Eating. chicken wings.
At present my library is rapidly dwindling as I pack away all my books in preparation for moving across town. For a while my writing will be more and more about food and memory, until I can open these carefully taped boxes and dive back into literature again.
Chicken wings are a childhood food. I don't remember when they became a vital part of our diet; I suspect it was during the time my two cousins lived with us. One girl (me) was manageable; add two growing boys to the mix and suddenly we were like a ravenous pack of wolverines. Gallons of milk vanished every week. Piles of frozen pizza were microwaved and devoured. Endless bowls of udon noodles were consumed in that twilight hour between coming home from school and dinnertime. Chicken wings came from Costco, in a giant plastic-wrapped styrofoam tray. They would be marinated in a mix of soy sauce, wine, garlic, and scallions, perhaps a little swish of sugar, and broiled until they were shiny, the skins burnished like polished mahagony. The boys could eat twenty or more of them at one sitting. Each.
One of my earliest kitchen tasks was marinating the wings. There's no recipe for it. I take several stalks of scallions, slice them into two-inch lengths, at an angle. Smash a handful of cloves of garlic with the flat side of a cleaver or chef's knife. Throw everything together in a gallon-size zip-top bag. (You can buy the middle wing segments, or buy whole wings and cut through the joints yourself). Splash in some soy sauce, a healthy amount of white wine or Chinese cooking wine. You could even use beer. Or apple juice. Sugar will make the skin caramelize even more, make the wings more teriyaki-ish, but you could leave it out. Leave the bag in the fridge for a couple of hours, a day, maybe a few days. Anything goes. They're always good.
In my last years of high school, my older cousin was away at college. Every now and then he would send me an email, and the food he seemed to miss most was the chicken wings. Later I joined him at the same university, and for the one year we were both there he would call me every ten days (it was always ten days, not a week, or two weeks, I don't know why) to make sure that I was still alive and to take me shopping. (I don't know why he was worried about me; it was more like me worrying about him). Show me how to make those chicken wings, he said. By then he knew how to cook eggs scrambled with tomatoes, fried potatoes, beef with onions. But it was the chicken wings he longed for, and which I made for him in his dim little kitchen decorated with empty Heineken bottles. (I had lined my dorm suite hallway with green bottles, too, but mine were Perrier, bought at the corner store with my dining flex-account).
When I am alone it seems sad just to have chicken wings for one. It needs abundance, a whole pile of wings just burned around the edges, the skin crisp from the high heat, the meat still moist and juicy. So when my family is here we always have them at least once, like tonight. I come home and my mom has marinated the wings, chopped long beans and dried tofu for me to stir-fry while the chicken is broiling. It is like falling into the past. Stripping the meat away from the bone with my teeth, biting through the cartilage at the joints.
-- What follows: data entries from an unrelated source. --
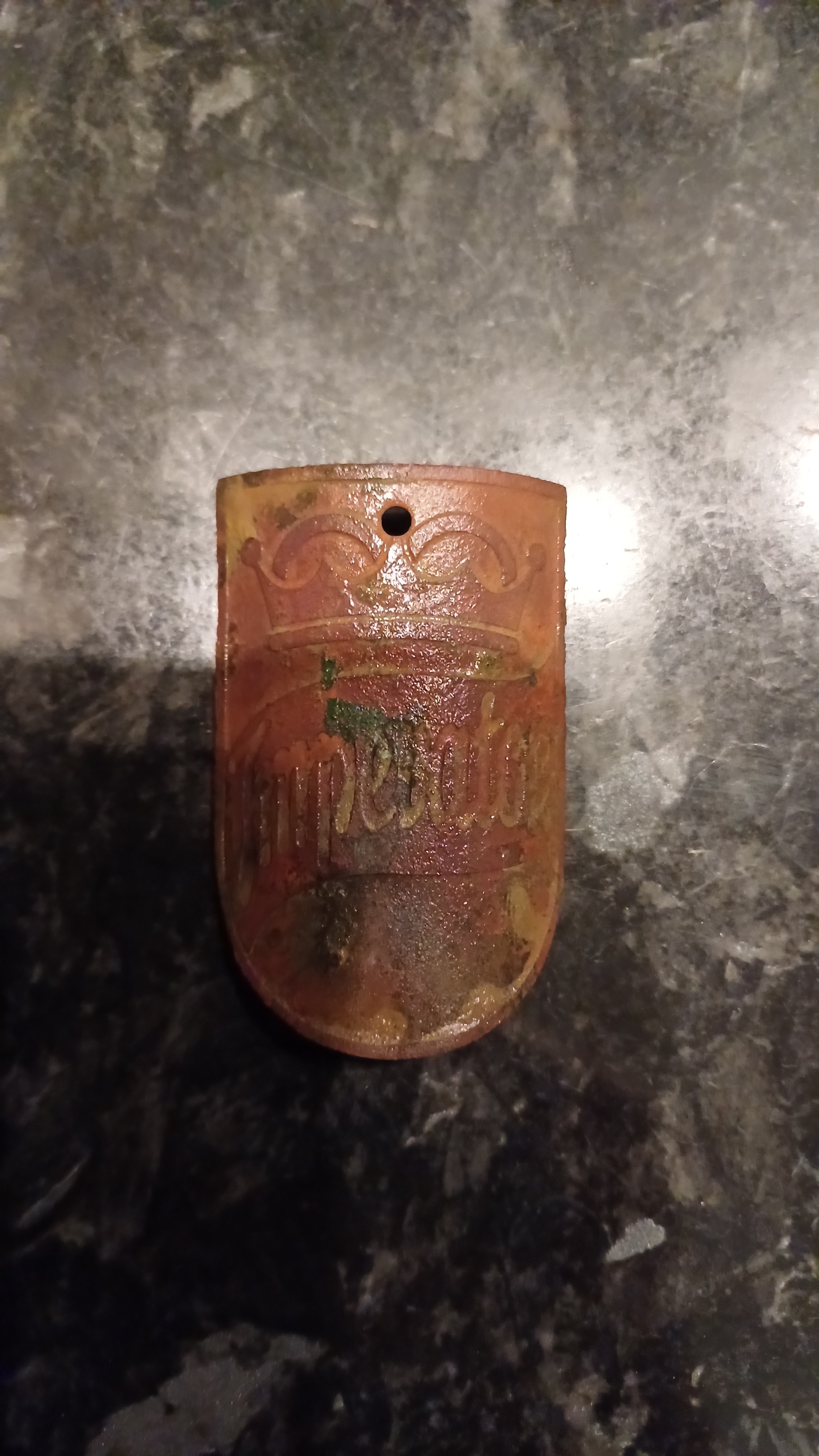 Vorne steht Imperator und oben ist eine Krone und ein Loch zum befestigen.
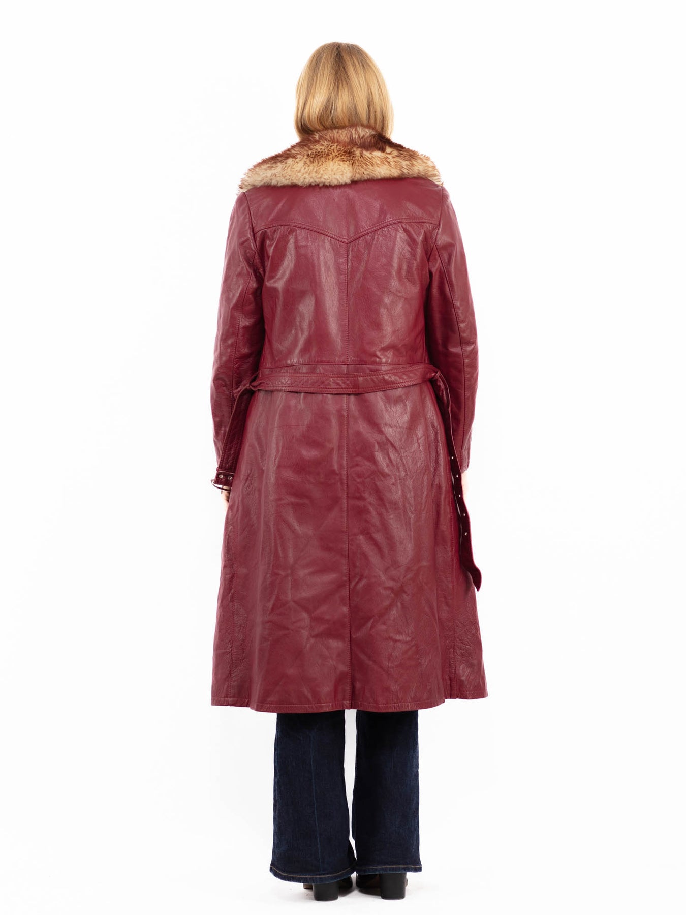 Red Vintage 70's Penny Lane Leather Coat in Burgundy Red With Free Delivery
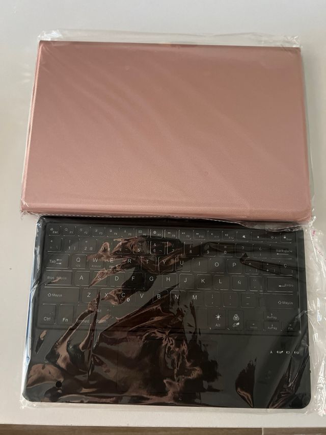 Detalles del productoTeclado y funda para Samsung Galaxy Tab S7 en color rosa dorado. El teclado es negro y ambos están nuevos, sin usar.
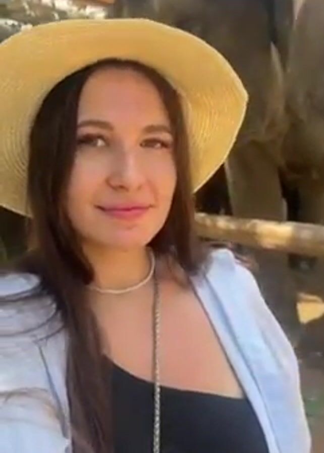 A woman with long brown hair wearing a straw hat, a white shirt, and a black top takes a selfie with an elephant in the background
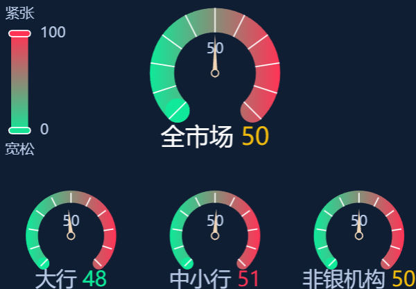 六、资金面情绪指数:全市场50 资金面维稳(0-100紧张度递增,50为均衡,超过50反映资金紧张)
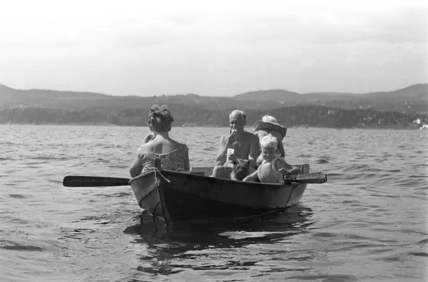 Erik Damman, reklamekonsulent fra Oslo, ferierer i båt med familien i Oslofjorden. De skal ro 10 - 12 mil i løpet av 8 - 10 dager, og går i land på små holmer som fjorden har mange av. Her sitter Erik Damman ved årene. Ragnhild Damman med ryggen til. Midt i båten Brede (5), Are (8) og hunden Rocky. Rein (10) helt forut.
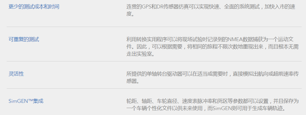 人們都希望在GPS失聯(lián)后快速捕獲信號,并且獲得足夠的精度和完整的功能,而這種需求也推動了對使用DR傳感器等混合系統(tǒng)的開發(fā)。為了對此類系統(tǒng)進行測試,DR和GPS信號必須以連貫的方式生成。SimAUTO能夠有效地仿真DR傳感器,例如羅盤、陀螺儀和輪速信號,并且將它們與思博倫的GPS/GNSS星群模擬器系列精準地協(xié)調(diào)起來,為集成式導(dǎo)航系統(tǒng)提供一個完整的測試環(huán)境。
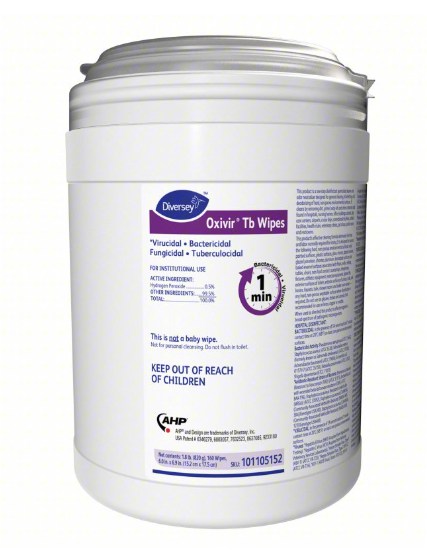 Diversey Oxivir Tb One-Step Disinfectant Cleaner and Deodorizing Wipes 101105152 - 6"x7", 160 ea, 4 per case
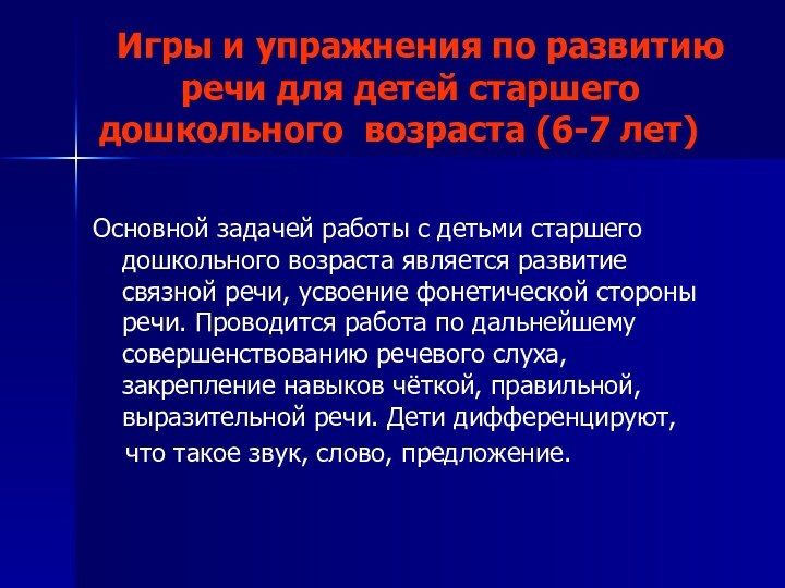 Основной задачей работы с детьми старшего дошкольного возраста является развитие связной речи, усвоение фонетической стороны речи. Проводится работа по дальнейшему совершенствованию речевого слуха, закрепление навыков чёткой, правильной, выразительной речи. Дети дифференцируют,
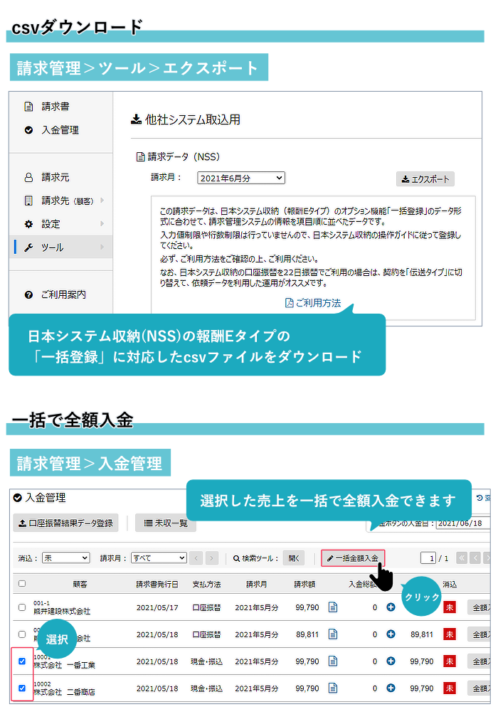 2)入金管理画面で、選択した請求額の「全額入金」を一括でできるようになりました。
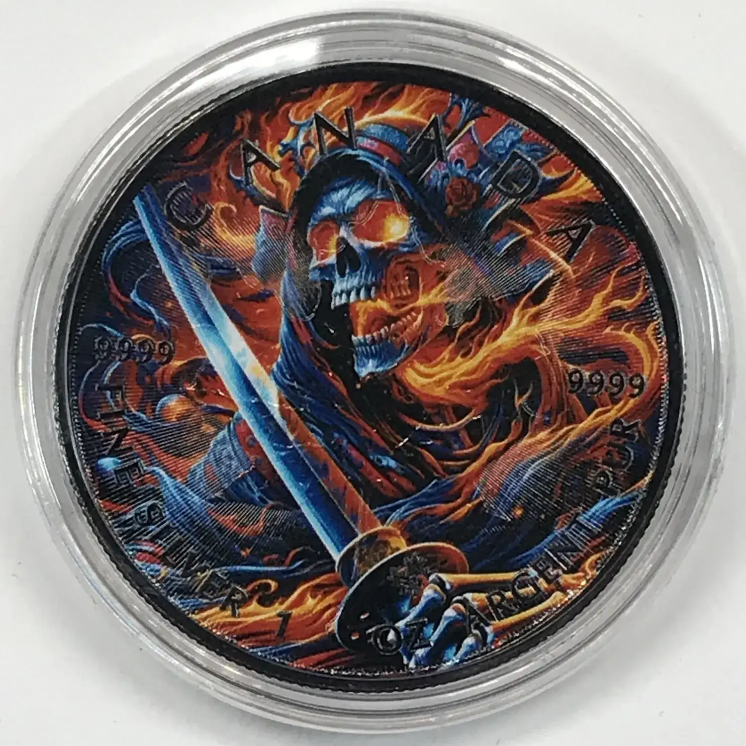 2024 Canada 1 oz Silver Maple Leaf $5 Coin Grim Reaper Samurai - Black Ruthenium, Colorized
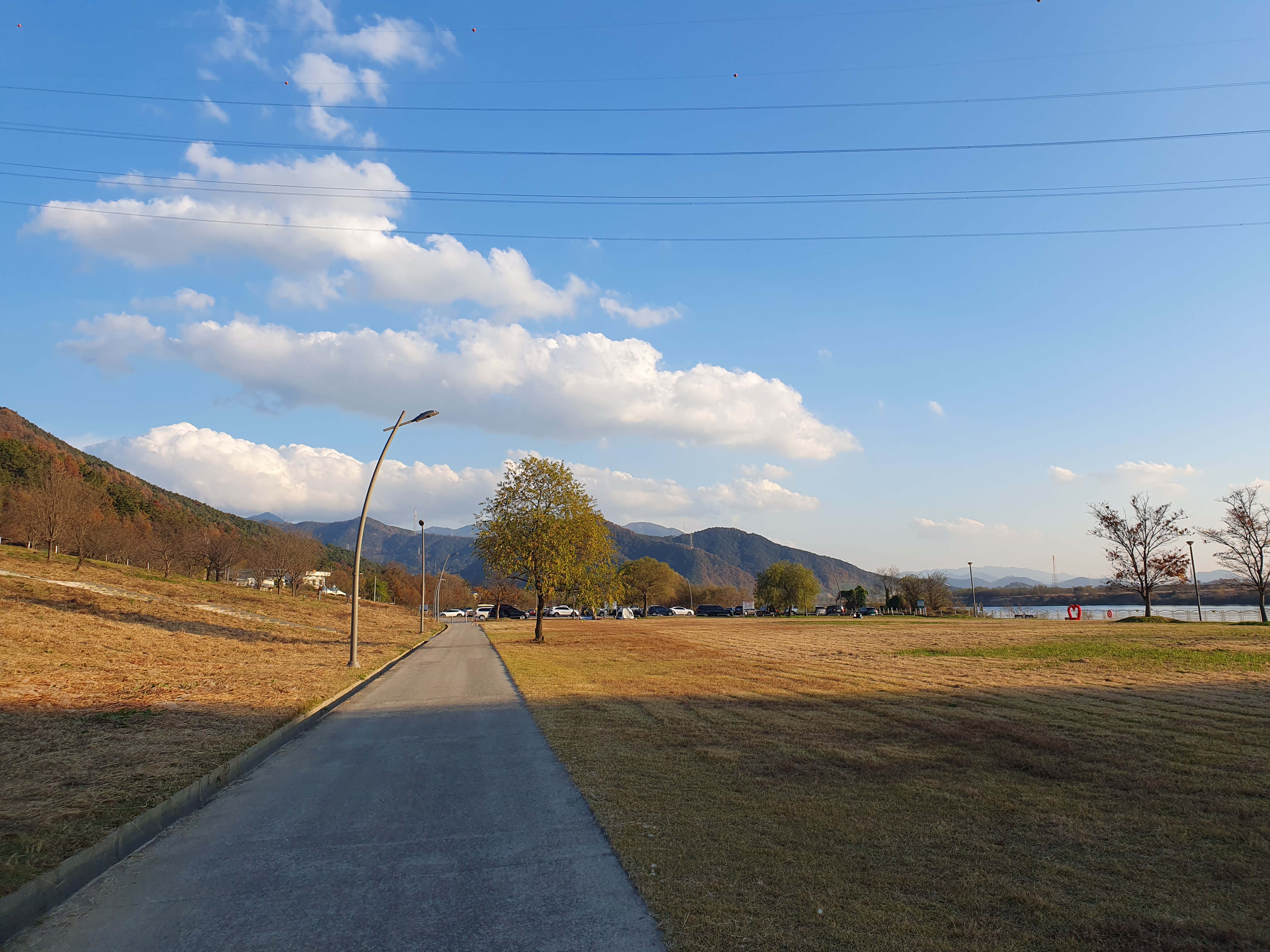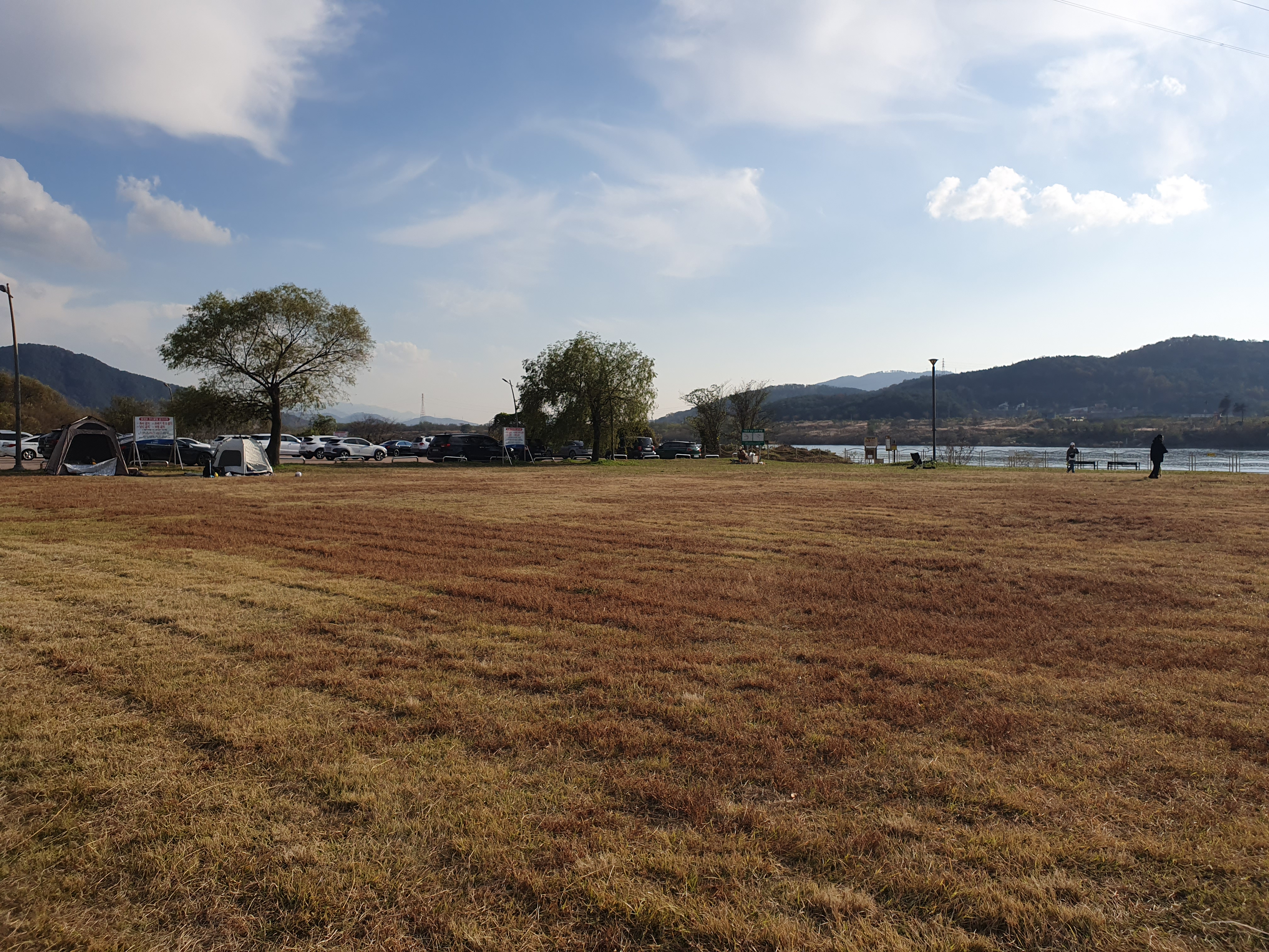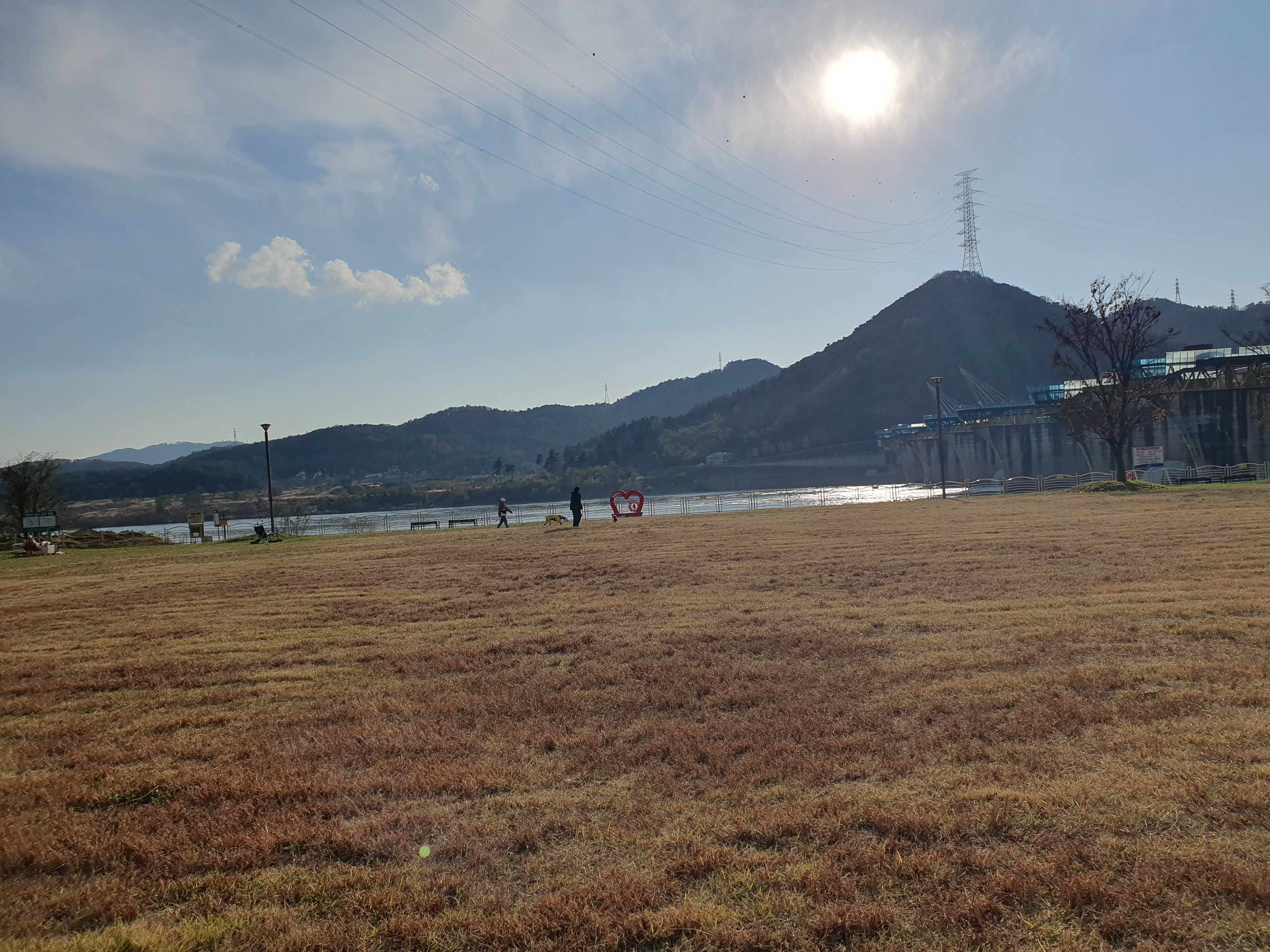 강옆으로 넓은 잔디밭이 있어 아이들이 신나게 뛰어놀 수 있었습니다.
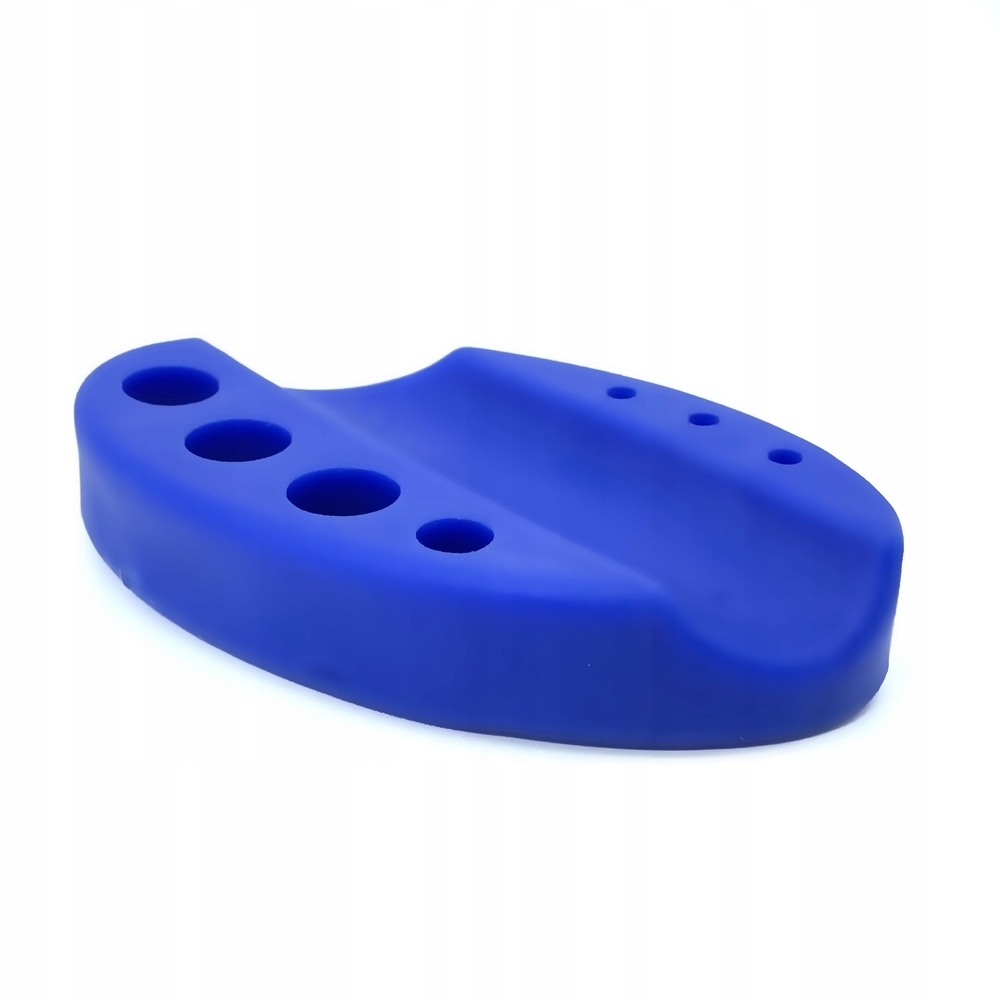 Силиконовая подставка для инструментов – очень полезная вещь для каждого мастера. Гибкий и надежный, он позволяет отложить бритву во время перерыва в работе, полностью исключая контакт иглы с посторонними предметами. Колпачки с пигментами можно разместить в углублениях на верхнем крае подушечки. Удобная подставка имеет выемку для ручки тату-машинки и специальные небольшие отверстия для микрокистей. Изготовлен из прорезиненного материала, который не скользит по поверхности во время работы.

I love the middle section of the wing best, two bones joined at the ends, just the right proportion of meat to skin. I fail to pick the bones clean enough to satisfy my mother, and she chastises me as though I were eight years old again.
Last year, or perhaps it was the year before, my cousin came to visit for a short while. His first request was for chicken wings. Are they as good as you remember? Yes.